JasonChinsen commented 5 years ago

I am looking for k8s 1.13 support so that I can run Argo-workflow on windows (https://github.com/aws/containers-roadmap/issues/245)

ghost commented 5 years ago

It seems Windows container can't find services in the same namespace. It it intended? C:> nslookup web.default.svc.cluster.local ==> Succeeds C:> nslookup web ==> Says "*** kube-dns.kube-system.svc.cluster.local can't find web: Non-existent domain".

I used the AMI 'ami-0c4de1c5133449009' for nodes and 'mcr.microsoft.com/windows/servercore:1809' image for containers. I had to set DNS suffix manually to work well.

rommelandrea commented 5 years ago

With the default CloudFormation template there is an issue with disk space. It's possible to attach disk on windows and linux nodes?

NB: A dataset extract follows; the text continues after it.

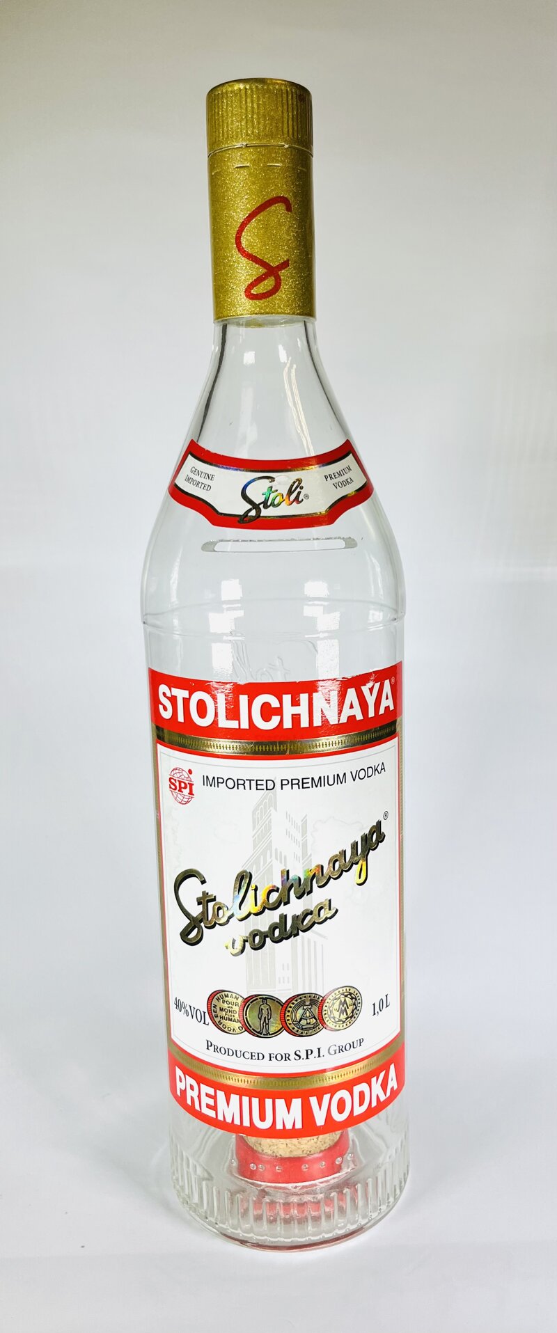 Piggy bank made from 1 liter Stolichnaya vodka.
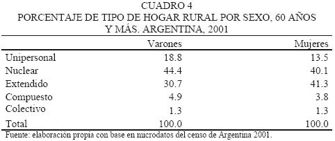 Por otro lado, en los hogares rurales argentinos hay una mayor proporción de hombres mayores que viven solos en comparación con las mujeres. Esto se debe probablemente a la situación de mayor aislamiento familiar en la que viven los trabajadores rurales, tal vez por la migración de sus descendientes, tanto a las zonas urbanas, como al extranjero.

ghost commented 5 years ago

This is not about attaching disks to nodes, I tried EBS and AzureFile volumes for Windows PODs and ran into problems. Mounting EBS volumes to Windows POD failed with timeout. And mounting SMB(AzureFile) to Windows POD frequently fails. Errors are

"MountVolume.SetUp failed for volume "data" : azureMount: SmbGlobalMapping failed: exit status 1, only SMB mount is supported now, output: "New-SmbGlobalMapping : Generic failure \r\nAt line:1 char:190"

These volume types work well for Linux PODs if I run sudo yum install cifs-utils in nodes.

cdenneen commented 5 years ago

@tabern @vsiddharth is there any plan to release new windows images?

Is there anyway to update the build scripts to support rolling our own window image? https://github.com/awslabs/amazon-eks-ami

bcmedeiros commented 5 years ago

Any guidelines to add Windows worker nodes to an already existing cluster? I have to run some windows workload, but I need to run it together with my other containers in the same cluster.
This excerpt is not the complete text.